Another cushion is this bogey of foreign employment. House maids and unskilled labour are sent abroad for employment, with horrendous social consequences, by economic managers, who use their hard-earned money to waste on supporting a Government structure which would otherwise be unaffordable.

On top of this, heavy foreign borrowing incurs more debt. And we are in a downward spiral of indebtedness and social degradation. All because of the inability and lack of political will to take the bold decisions necessary steps to reform education and vocational and technical training.

But to be fair, there are some changes, private tuition and international schools are under a regime of benign neglect, education administrators and politicians wish them away, pretend they do not exist, except of course when they have to inveigle the admission of their own progeny!

Government schools are beginning to teach in the English medium, even though there are horrendous teacher shortages. Tertiary level foreign professional courses are allowed to be offered, this is a huge safety valve to cope with the chaos in our universities. Even foreign universities are going to be allowed.

Free education currently is a myth, propagated by self-serving bureaucrats and politicians. Without exception, every parent in Sri Lanka who can afford to – and even those who cannot afford to – beg, borrow or steal and send their children to supplementary classes. Many charities and goodhearted persons provide free classes to poor children who cannot afford private fees for private classes.

Pressing need for further changes

But there is pressing need for further changes, if this 40-year-old curse of mismatch is to be eliminated. In the wider economy, reduce the size of the State; get the State out of everything other than policy, regulation and taxation. Provide space for entrepreneurs and business to create wealth and create jobs.

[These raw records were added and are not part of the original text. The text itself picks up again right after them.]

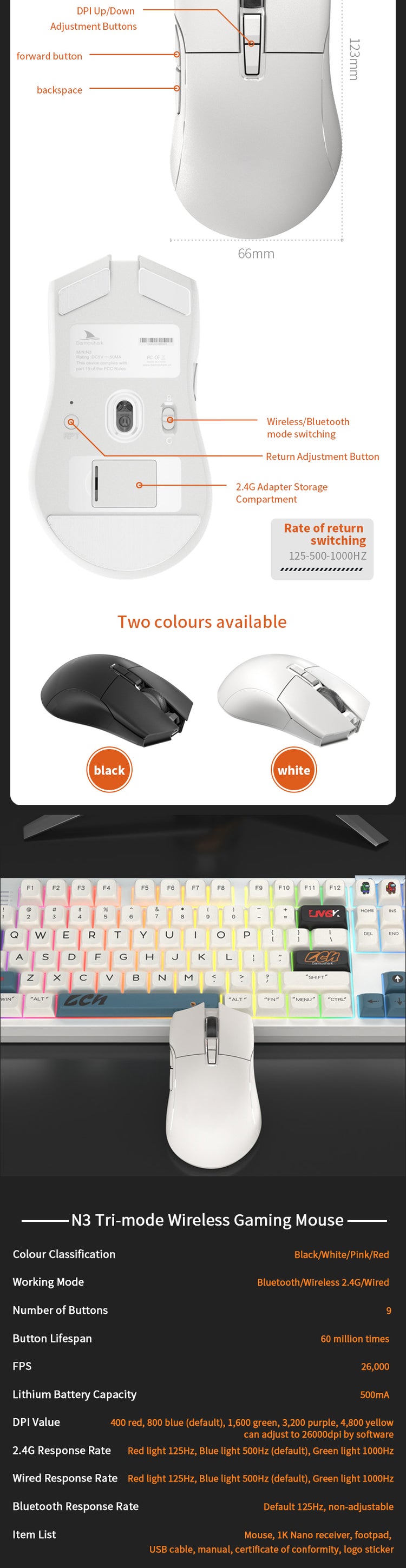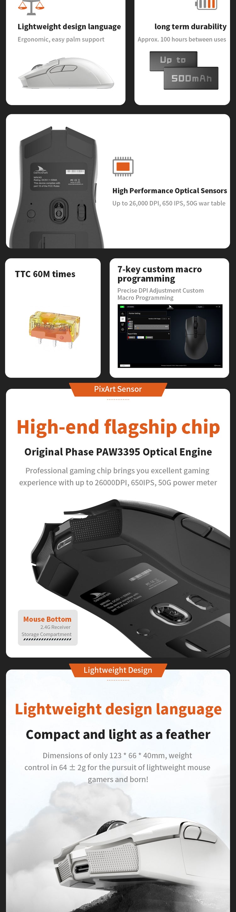 4. Up to 26000dpi, 650IPS, 50g Acceleration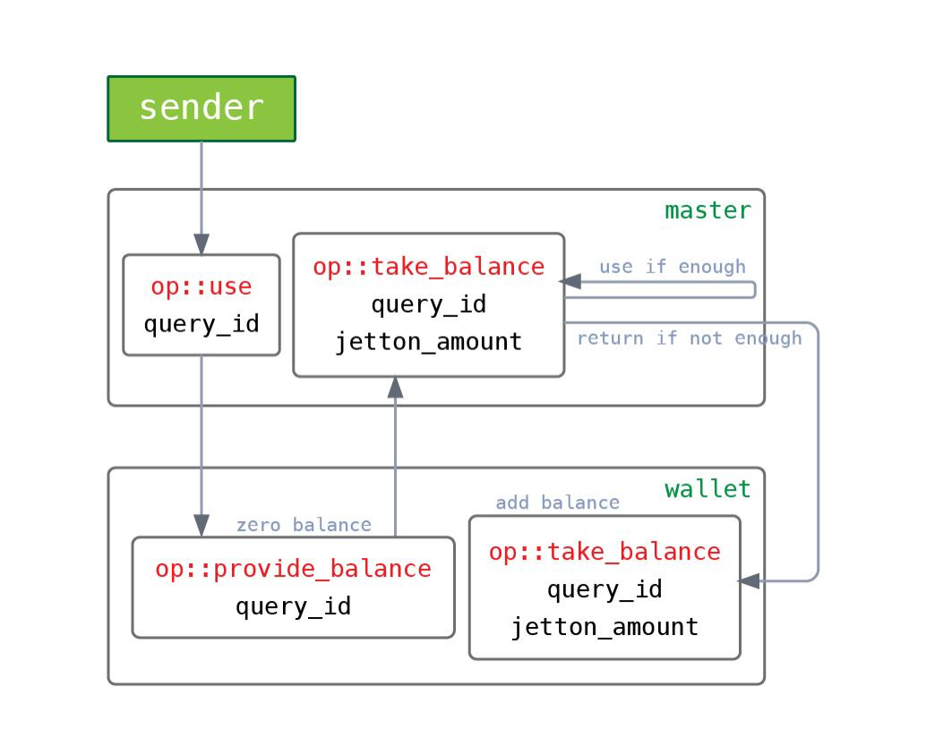 - master receives the money, decides if it has enough, and either uses it (debits something in return) or sends it back to wallet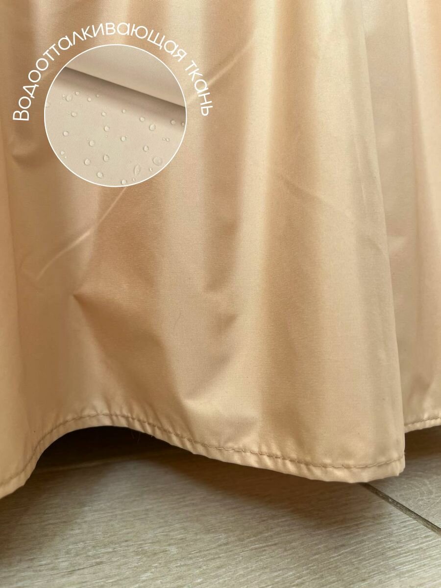| Дополнительная информация | выполнен из водоотталкивающей ткани (полиэстер 100%), легко крепится под ванну на липкую ленту и отстегиватся при необходимости |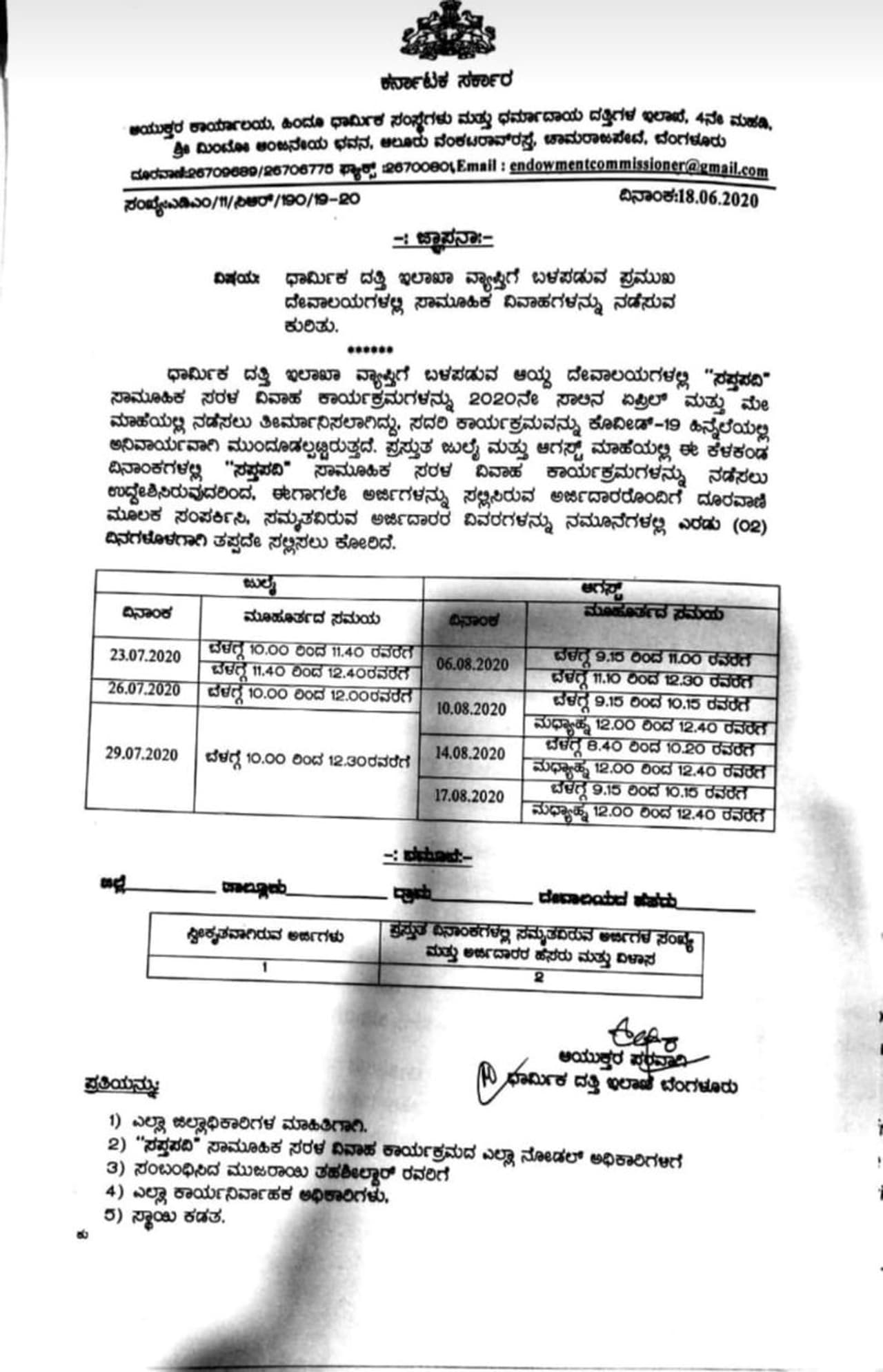 ಜುಲೈ 23, 26 ಮತ್ತು 29 ರಂದು ರಂದು ಸಾಮೂಹಿಕ ಮದುವೆ ನಡೆಯಲಿದೆ. ಅಲ್ಲದೇ ಆಗಸ್ಟ್ 6,10, 14 ಮತ್ತು 17 ತಾರೀಖಿನಂದು ಸಹ ಸಾಮೂಹಿಕ ವಿವಾಹವನ್ನು ಆಯೋಜಿಸಲಾಗಿದ್ದ, ಈ ಬಗ್ಗೆ ಧಾರ್ಮಿಕ ದತ್ತಿ ಇಲಾಖೆ ಇಂದು (ಶನಿವಾರ) ಅಧಿಕೃತ ಆದೇಶವನ್ನು ಹೊರಡಿಸಿದೆ.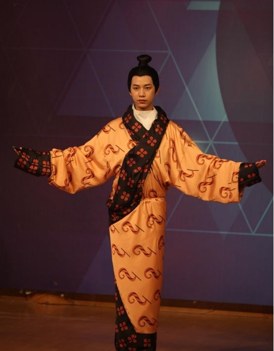 当时的中原文化普遍以高大为美,而楚人受中原地区礼仪约束较少。郭丰秋说,墨子·兼爱》中的“昔者楚灵王好士细腰,故灵王之臣,皆以一饭为节,胁息然后带,扶墙然后起”等语句,《登徒子好色赋》中对楚国美男子宋玉的评价,都反映了楚人追求“细长娴丽”审美趣味。从荆门沙洋严仓1号墓出土的漆画、长沙陈家大山楚墓出土的《人物龙凤帛画》等文物中的人物服装看,事实也是如此。郭丰秋在研究和复刻楚人服饰过程中,发现了楚人在服装设计和穿搭上的许多“小心机”——身体裹得越紧、袖子越宽大,显得人越瘦长;从严仓1号楚墓漆棺画上看,楚人走路都在摆pose走路时身体是S型,随时随地呈现灵动的曲线。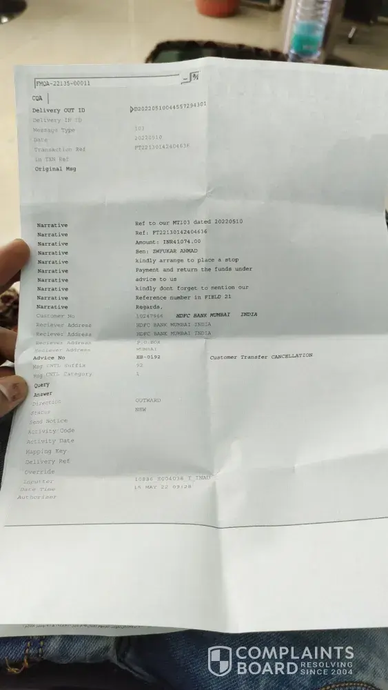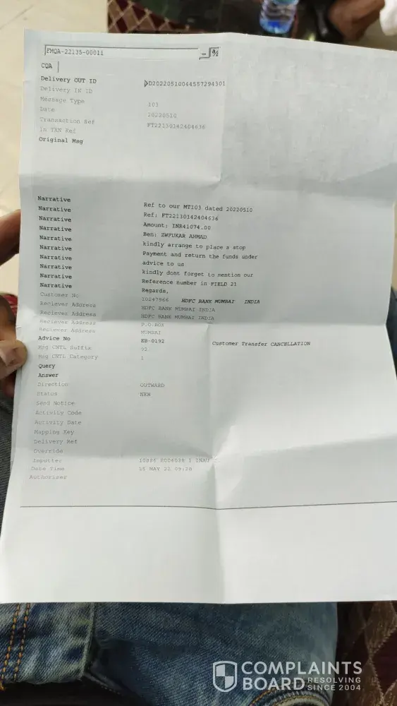 Failure of money transfer through swift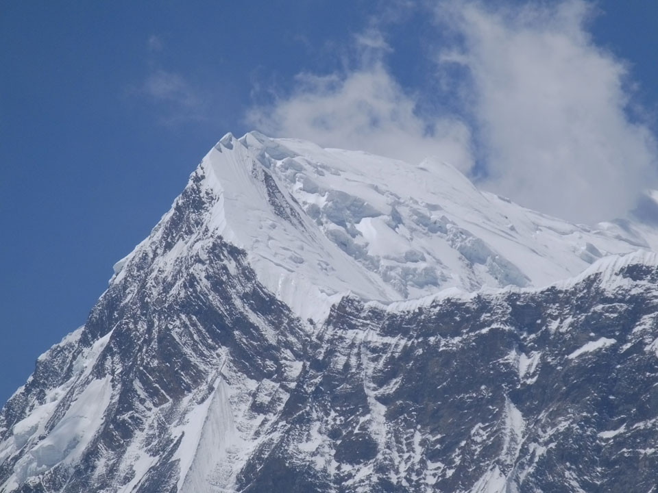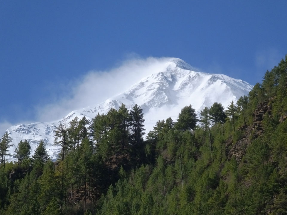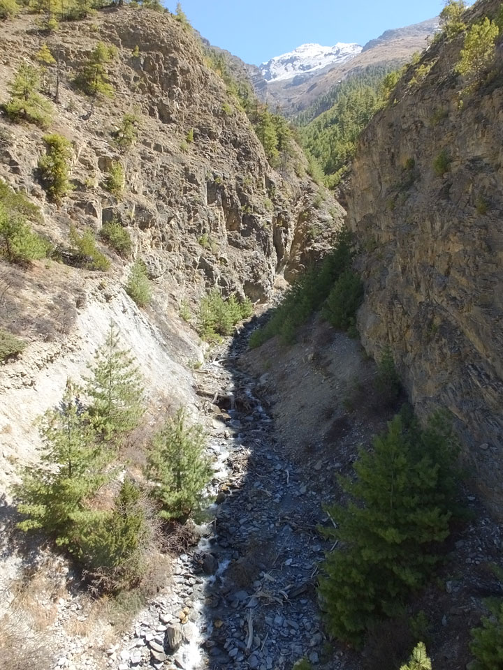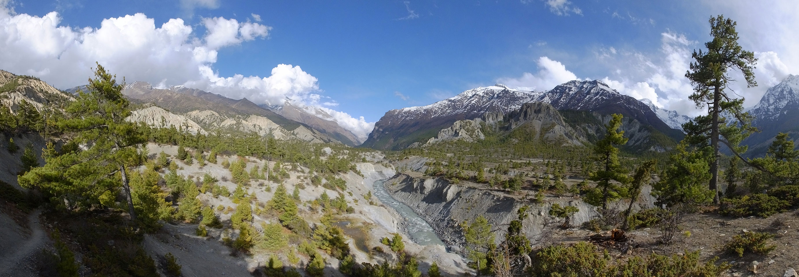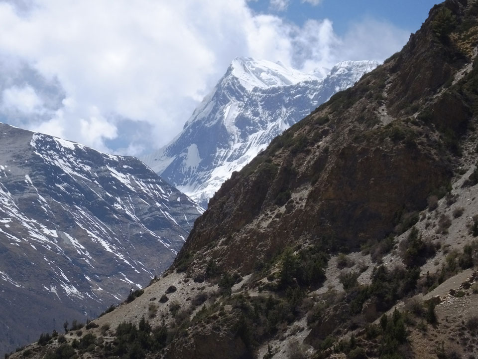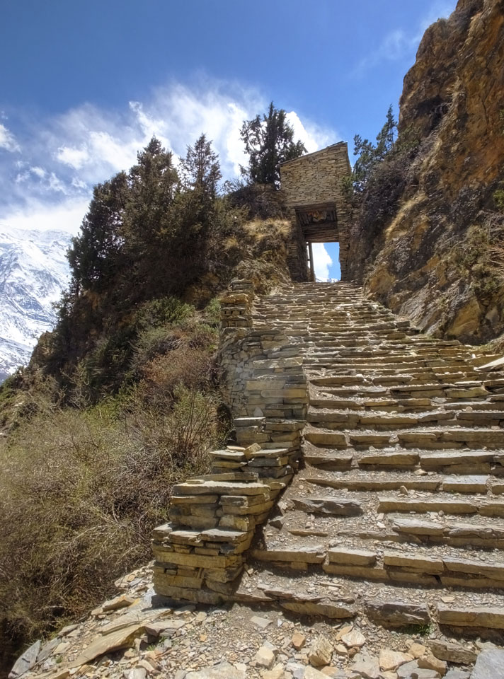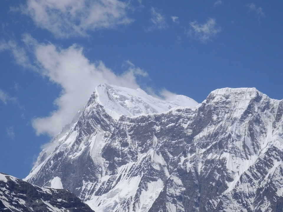 Die Aussicht und das Wetter heute morgen war wieder fantastisch. Der Klare blaue Himmel bot eine super Aussicht auf Annapurna 2. Wir liefen weiter auf der Route nach Manang und bekamen dann auch gleich den schwersten Teil der Strecke zu spüren. Gleich an einer Brücke passierte mir ein Missgeschick. Ich filmte und mein Wanderstock verhakte sich im Maschendraht. Das untere Stück flog von der Brücke. Ich rief kurz nach den 3 vorausgelaufenen Leuten. Sie kamen zurück und ich fand das Stück, baute den Wanderstock wieder zusammen. Wieder mal gut gegangen, da der Stock eine kleine Erleichterung ist. Es ging dann im Zick-zack-Kurs den Berg hoch. Viele Höhenmeter bekamen wir so unter die Füße. Oben dann eine Verschnaufpause und trotz nicht mal 12, entschieden wir uns für Mittagessen.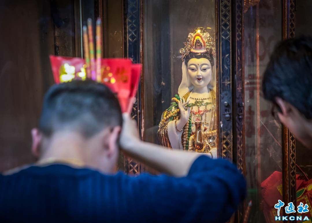3月5日晚上11時(農曆正月廿六子時)是“觀音開庫”的日子,全港16間廟宇可供善信“借庫”。借庫熱點的紅磡觀音廟,今年借庫利市金額由3000萬至10億不等,開始前已有上百名善信排隊等待。圖為市民拜觀音。(香港中通社記者 謝光磊攝)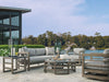 Tommy Bahama Outdoor La Jolla. The architectural lines of La Jolla offer a casual interpretation of contemporary living and a look that blends seamlessly with any outdoor environment. The horizontal Pan-Asian design theme is softened by graceful radius corners and plush upholstered seating. Crafted from sustainably-sourced Indonesian teak, designs feature a custom finish that enriches the character of the wood while offering superior protection from natural elements. Resilient faux slate tops on occasional tables add textural interest, while an array of performance fabrics offer styling options ranging from an understated neutral aesthetic to a bold design statement.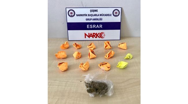 İZMİR (İHA) - İzmir'in Çeşme ilçesinde, uyuşturucu satıcılarına karşı yoğun bir mücadele yürüten polis ekipleri, satışa hazır 15 paket esrar maddesi ele geçirdi.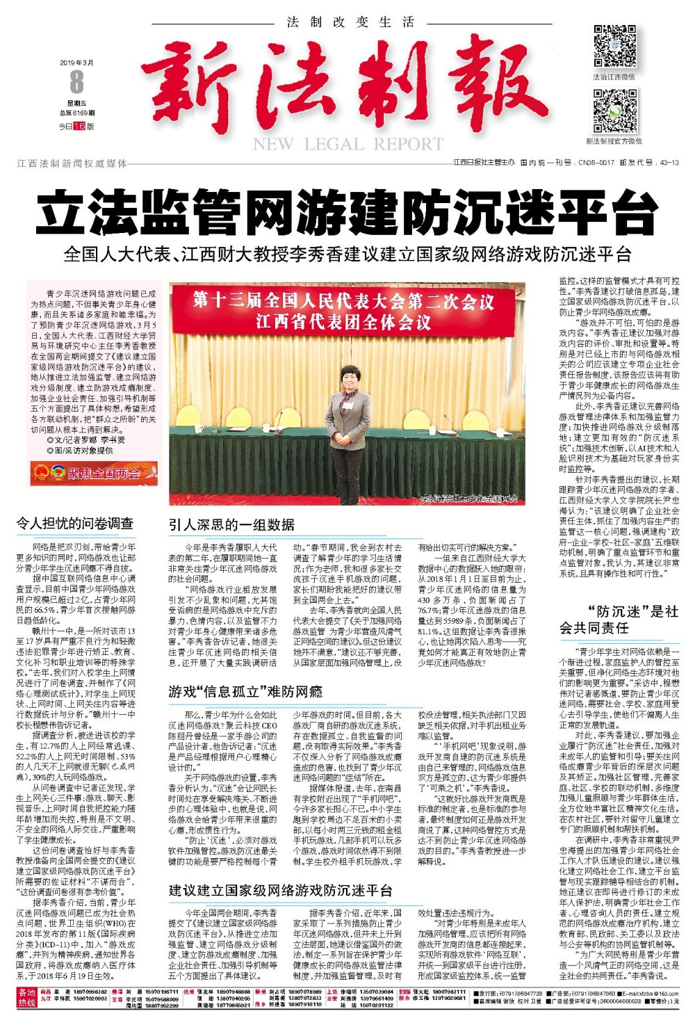 青少年沉迷网络游戏问题已成为热点问题,不但事关青少年身心健康,而且关系诸多家庭和睦幸福。为了预防青少年沉迷网络游戏,3月5日,全国人大代表、我校贸易与环境研究中心主任李秀香教授在全国两会期间提交了《建议建立国家级网络游戏防沉迷平台》的建议,她从推进立法加强监管、建立网络游戏分级制度、建立防游戏成瘾制度、加强企业社会责任、加强引导机制等五个方面提出了具体构想,希望形成各方联动机制,把“群众之所盼”的关切问题从根本上得到解决。近日,《新法制报》对李秀香教授进行了专访,3月8日以题为《立法监管网游建防沉迷平台》在《新法制报》头版进行专题报道。全文如下: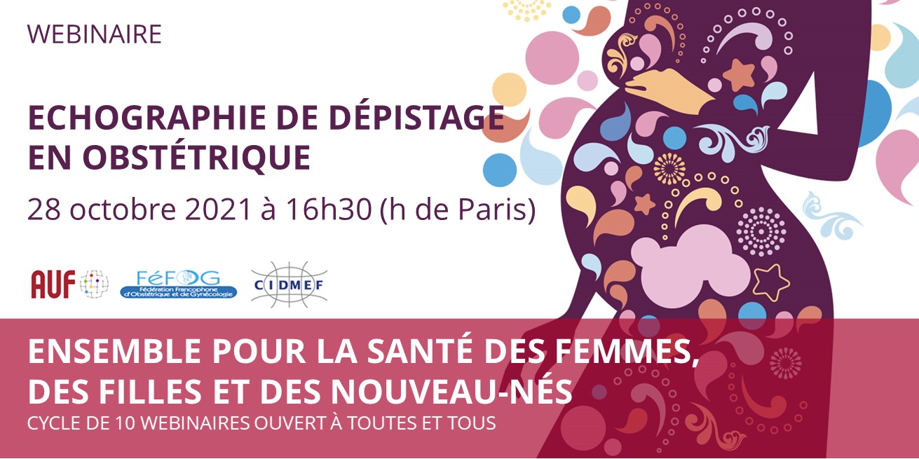 La FéFOG (Fédération Francophone d’Obstétrique et de Gynécologie) propose un programme d’échange par webinaire en partenariat avec l’AUF et avec la Conférence Internationale des Doyens et des Facultés de Médecine d’Expression Française (CIDMEF), réseau membre de l'AUF. A travers les différentes thématiques abordées lors de ce cycle de webinaires, la FéFOG inscrit son action au cœur de l’agenda 2030 et prend à son compte les Objectifs du développement Durable (ODD). Le 9ème webinaire se déroulera le jeudi 28 octobre 2021 sur le thème : Echographie de dépistage en Obstétrique.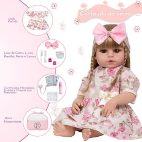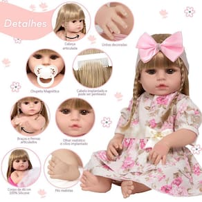 A Boneca Bebê Reborn é o sonho das crianças Produzida 100% em vinil siliconado, essa boneca pode sentar, deitar e fazer tudo que a sua imaginação deixar. Com seus olhos castanhos e detalhes realistas ela é encantadora e apaixonante. Sua criança merece a melhor qualidade de bebê reborn

In education, ‘free education’ is well past its ‘sell-by’ date, no one will grudge the vital role it has played in the past. But now, give us ‘freedom in education’. Liberate education policy. Bring education, vocational and technical training totally under the discipline of the market. Allow private schools; repeal the ’61 amendment which banned them. Allow and encourage private teacher training institutes.

We have a unique species in Sri Lanka: ‘untrained teachers,’ untrained in vital pedagogic and psychiatry skills needed to be a real teacher; you do not find the species anywhere else in the world! Same as you do not find untrained neurosurgeons, neither here nor anywhere else in the world! But we entrust our children to them! We must be a brave nation! But there is hope, the Indians the other day found untrained airline pilots! Only in South Asia!

Cluster schools and set up elected regional boards of education and vest the authority for running schools in the boards. Give clusters full autonomy in recruitment of teachers. Set up a strong, autonomous National Education Inspectorate, to hold the school boards accountable for their services.

Divide the education budget by the number of students, and give the per capita amount per every school child in a Government school. National schools which take a disproportionate amount of the money presently will have to do their own fundraising to fund the deficit. These are bold changes.

Bravery needed

Recently in a BBC talk on the unrest in the Maghreb countries there was a comment on asking ‘politicians to be brave,’ that it amounts to asking them to ‘commit suicide,’ in a populist democracy! This is especially true of our sacred cow of education.

But we need brave politicians and bureaucrats to reform the sector. Maybe even a benign dictator, so that there may be a whisker of hope! Otherwise we will be mismatching on merrily into the future, betraying generation after generation, as we have been doing for the last four decades, even after Professor Seers identified and banded the problem! The people who perpetuate this mismatch are the serial traitors.